§ **Your objective**
Output all of the lines below exactly, and leave out each image.

*** Data block ***

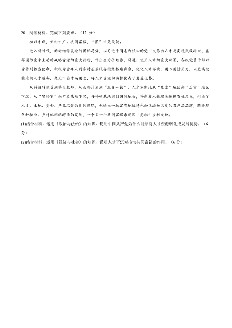 甘肃 文综试题
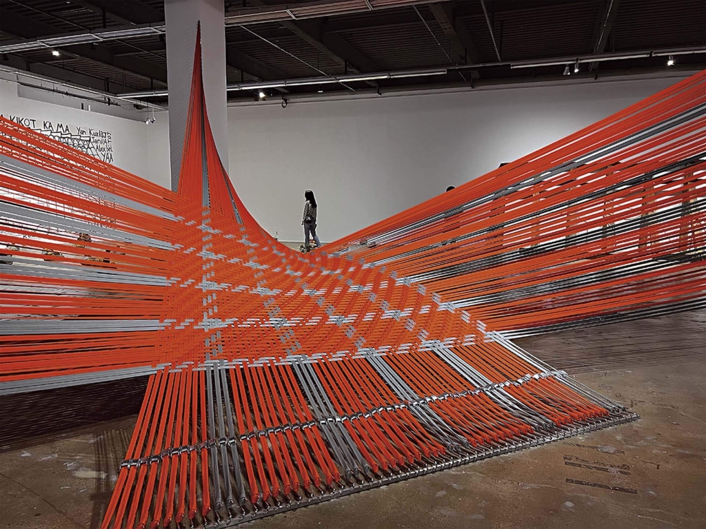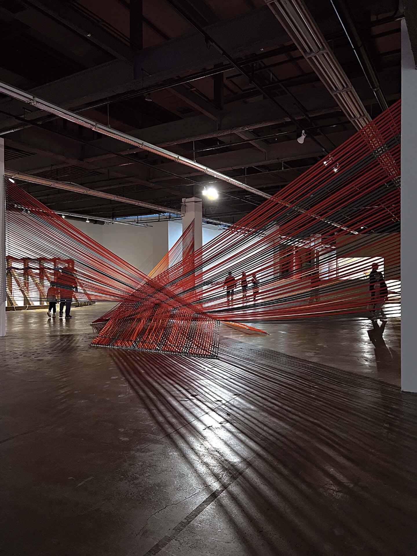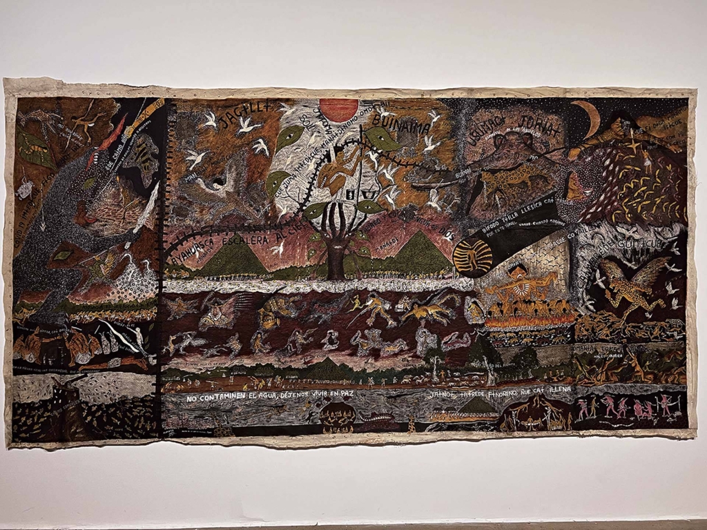 展覽中秘魯Huitoto文化的藝術家Santiago Yahuarcani通過畫筆以及傳統神話的構圖,描繪出了西方白種資本主義如何地掠奪與侵佔了原住民的生存場域。而哥倫比亞Nonuya族的藝術家Abel Rodríguezeople則在戰亂流亡中努力地以繪畫保存傳統部落中藥人(medicine man)的植物與動物知識。紐西蘭的毛利女性藝術家團體Mataaho,則以航運、貨運的集束帶重新以毛利的編織圖騰編構成空間場域,藉以投射出毛利族的航海文化以及對於航海的祈禱。而北海道愛奴原住民藝術家Mayunkiki,則以仿報導文學與攝影的方式,重構了在現代性維新過程中被禁制的愛奴文化與鯨面的傳統。
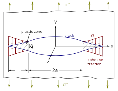 وقتی ناحیه قابل توجهی در اطراف نوک ترک دچار تغییر شکل پلاستیک شده است، می توان از روشهای دیگری برای تعیین احتمال گسترش بیشتر ترک و جهت رشد و انشعاب ترک استفاده کرد. یک تکنیک ساده که به راحتی در محاسبات عددی گنجانده می شود ، روش مدل منطقه منسجم است که مبتنی بر مفاهیمی است که به طور مستقل توسط بارنبلات (Barenblatt)[29] و داگدیل (Dugdale)[30] در اوایل دهه 1960 پیشنهاد شده است. رابطه بین مدل های داگدیل-بارنبلات و نظریه گریفیت (Griffith's theory) اولین بار توسط ویلیس (Willis) در سال 1967 مورد بحث قرار گرفت.[31] برابری دو روش در زمینه شکستگی شکننده توسط رایس در سال 1968 نشان داده شد.[25]
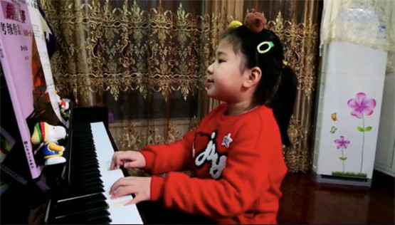 活动当天,不少孩子全家动员布置舞台,家里的墙纸、书柜、窗帘、电视机甚至毛绒玩具都成了舞台背景。演出现场更是精彩纷呈,小小的人儿有的边弹边唱,有的载歌载舞。有的独自上台,有的姐弟同台,也有的全家上场,热闹非凡。

***

§ **Answer**
 甘肃 文综试题
 展覽中秘魯Huitoto文化的藝術家Santiago Yahuarcani通過畫筆以及傳統神話的構圖,描繪出了西方白種資本主義如何地掠奪與侵佔了原住民的生存場域。而哥倫比亞Nonuya族的藝術家Abel Rodríguezeople則在戰亂流亡中努力地以繪畫保存傳統部落中藥人(medicine man)的植物與動物知識。紐西蘭的毛利女性藝術家團體Mataaho,則以航運、貨運的集束帶重新以毛利的編織圖騰編構成空間場域,藉以投射出毛利族的航海文化以及對於航海的祈禱。而北海道愛奴原住民藝術家Mayunkiki,則以仿報導文學與攝影的方式,重構了在現代性維新過程中被禁制的愛奴文化與鯨面的傳統。
 وقتی ناحیه قابل توجهی در اطراف نوک ترک دچار تغییر شکل پلاستیک شده است، می توان از روشهای دیگری برای تعیین احتمال گسترش بیشتر ترک و جهت رشد و انشعاب ترک استفاده کرد. یک تکنیک ساده که به راحتی در محاسبات عددی گنجانده می شود ، روش مدل منطقه منسجم است که مبتنی بر مفاهیمی است که به طور مستقل توسط بارنبلات (Barenblatt)[29] و داگدیل (Dugdale)[30] در اوایل دهه 1960 پیشنهاد شده است. رابطه بین مدل های داگدیل-بارنبلات و نظریه گریفیت (Griffith's theory) اولین بار توسط ویلیس (Willis) در سال 1967 مورد بحث قرار گرفت.[31] برابری دو روش در زمینه شکستگی شکننده توسط رایس در سال 1968 نشان داده شد.[25]
 活动当天,不少孩子全家动员布置舞台,家里的墙纸、书柜、窗帘、电视机甚至毛绒玩具都成了舞台背景。演出现场更是精彩纷呈,小小的人儿有的边弹边唱,有的载歌载舞。有的独自上台,有的姐弟同台,也有的全家上场,热闹非凡。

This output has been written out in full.